Великое неизвестное - Сергей Цветков
Шрифт:
Интервал:
Закладка:
Когда-то он был красив и носил прозвище Принц Флоризель [110] — этим именем он подписывал свои письма к актрисе Мэри Робинсон, исполнявшей роль Пер-диты. Принц начал свою молодость с изобретения новой пряжки на башмаках: она имела один дюйм в длину, пять в ширину, закрывала почти весь подъем и доставала до полу с обеих сторон. Изобретение имело бешеный успех среди придворных. Однако щеголять изяществом во дворце, где король проводил время, мурлыкая под нос Генделя и проверяя конторские книги, а королева вышивала на пяльцах и нюхала табак, — занятие неблагодарное. Поэтому разгул, в который вскоре ударился принц, был бы извинителен и для человека с менее пылким темпераментом, чем у него. А кровь у принца Уэльского буквально кипела в жилах. Он сделался завсегдатаем всех злачных мест Лондона. Молодость канула в бешеной игре, умопомрачительных попойках, неистовом обжорстве и беззастенчивом распутстве. Он был идолом золотой молодежи; только на сюртуки наследник тратил 10 000 фунтов в год. Он ввел в моду синие фраки с полированными стальными пуговицами, размером с яйцо. Общество мгновенно облачилось в них. Принц, не довольствуясь одной только славой, сумел извлечь из своего нового изобретения и некоторые практические выгоды. Надо сказать, что сам он застегивал фрак только при холоде, другие же в его присутствии должны были быть застегнутыми всегда. Однажды лорд Ярмут сел играть с ним и все проигрывал, пока не догадался, что его пуговицы, как семь зеркал, отражают его карты. Он тотчас расстегнул фрак, а на гневный взгляд раздосадованного его догадливостью принца простодушно ответил: «Здесь слишком жарко, ваше высочество».
Похождения принца Уэльского стали фактом внутренней политики Англии: помимо ежегодных выплат 120 000 фунтов стерлингов на его содержание, парламент был вынужден погасить два его неоплатных долга — в 160 000 и 650 000 фунтов. Впрочем, народ все прощал ему — ведь принц был большой демократ: он не только давился в толпе вместе с остальными зрителями на боксерских матчах, но и сам любил, скинув сюртук, схватиться на кулачки с каким-нибудь лодочником.

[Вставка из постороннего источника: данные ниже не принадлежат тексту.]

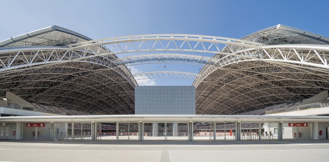 کل مجموعه «سنگاپور اسپورتس هاب» ۳۵۰ هزار مترمربع وسعت دارد و توسط معروفترین شرکت معماری تایوان DP Architects ساخته شده است. قطر بنای گنبدی قرارگرفته بر روی این ورزشگاه ۳۱۲ متر است که رقیب خود Texas Cowboys Stadium را با ۳۷ متر بیشتر شکست داده است.
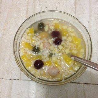 原料:自制醪糟、糯米粉、红曲粉、抹茶粉、橙汁粉、橘子、苹果。

С годами принц Уэльский обрюзг, его мучила одышка и головокружения. Но он продолжал вести прежний образ жизни и гасил приступы дурноты стаканом коньяка. Увы, он старел, вместе с ним старели и делались скучны его собутыльники, и потому Браммел попал ему на глаза как нельзя более кстати. «Со своей лимфатической и застывшей красотой Ганноверского дома, — пишет один из биографов Браммела, — которую он старался одушевить нарядной одеждой, оживить огненной игрой алмазов, имея душу столь же золотушную, как и тело, но храня, однако, природную грацию, эту последнюю добродетель придворных, будущий король признал в Браммеле часть самого себя, ту часть, которая оставалась доброй и светлой».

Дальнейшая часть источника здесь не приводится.